最初に読んだのはYahoo! NewsかOCNのニュース記事ですが、共同通信社のサイトで読むには面倒な手続(?)が必要なので、朝日新聞社のサイトを見たところ、昨日(2019年3月22日)の11時50分付で「瀬戸大橋渡る路線以外すべて赤字 JR四国が収支初公表」(https://www.asahi.com/articles/ASM3N5300M3NPLFA007.html)という記事が掲載されていましたので、これによりつつ、ブログを書いていきます。
実のところ、私は一度も四国各県を訪れたことがないので、当然、JR四国(四国旅客鉄道株式会社)の各線を利用したこともありません。ただ、国鉄分割民営化の時に、四国、九州および北海道は経営基盤が弱いということがわかっており、そのために四国および北海道向けにキハ54が製造されたという話もあるほどですから、JR四国の状況は良くないであろうということも簡単に推測できました。
しかも、上記記事の見出しにもあるように、JR四国の路線ごとの収支が初めて公表されたのです。このブログにもJR北海道かどこかに関連して記しましたが、公表の時期が遅すぎます。国鉄時代には毎年公表されていたようですが、民営化されてから、株主はともあれ、地域に示されていなかったことが問題を大きくしたと考えられるからです。ちなみに、JR四国の公式サイトを少しばかり見たところでは、区間ごとの収支に関する情報は掲載されていないようです。
今回公表されたのは、2013年度から2017年度までの5年間の平均実績です。JR四国には9つの路線がありますが、長距離の路線についてはいくつかの区間に分割して公表されたため、9路線18区間となっています。
①鉄道路線全体の年間赤字額
平均で109億円です。
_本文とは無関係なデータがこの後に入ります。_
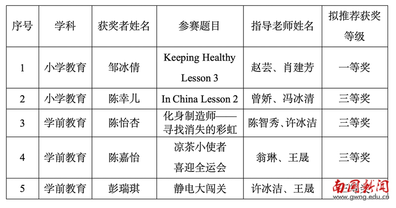 小学教育(英语)专业邹冰倩同学荣获一等奖,小学教育(英语)专业陈幸儿、学前教育专业陈怡杏、陈嘉怡、彭瑞琪4名同学获得三等奖。
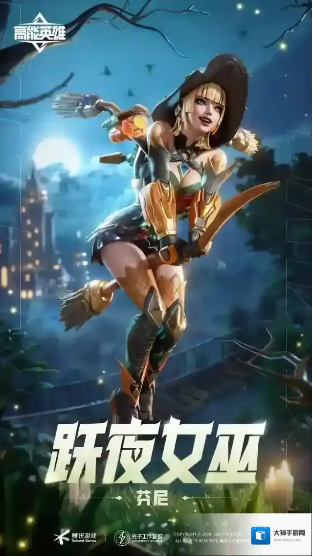 接着是古灵精怪的女巫–「跃夜女巫-芬尼」!她头戴墨绿色女巫帽,身着墨绿色与橙橘色相间的贴身战袍,背部的鎏金色“扫帚式”喷气背包更加凸显出芬尼的古灵精怪!

鉄道事業で黒字になったことは一度もありません。
②路線ごとの赤字額
これも年間平均額と思われますが、最大は土讃線の琴平〜高知で17億6000万円、次に予讃線・内子線の松山〜宇和島で12億4000万円(上記記事では予讃線と内子線が区別されていません)です。予讃線の高松〜多度津でも6億2000万円となっています。
③黒字路線と黒字額
瀬戸大橋を通る本四備讃線(茶屋町〜児島がJR西日本、児島〜宇多津がJR四国)のみが黒字路線で、額は5億2000万円です。
④営業係数
鉄道路線の経営状況を示す数値としてよく用いられるのが営業係数です。これは、路線において100円の収入を得るために必要とされる経費の額を示します。勿論、経費の額が100円を超えれば赤字であり、額が大きければ大きいほど経営状況が悪いことを示します。
JR四国全体の営業係数は144でした。
次に、線区ごとに見ますと、予想通りというべきか、最も悪いのは予土線(若井〜北宇和島)の1159、次に牟岐線のうち、阿南〜海部の635となっています。この他に2つの線区で300を超えています。
さらに詳しいデータを見る必要がありますが、上記のような端的なものでも状況の悪さがわかります。これから本格的に存続・廃止の議論が始まるでしょう。
そう言えば、牟岐線に接続する阿佐海岸鉄道も、経営状況が悪いことで知られています。この3月のダイヤ改正で、阿佐海岸鉄道と牟岐線との直通運転が中止されました。これがどのような方向に進むか、注意を向ける必要がありそうです。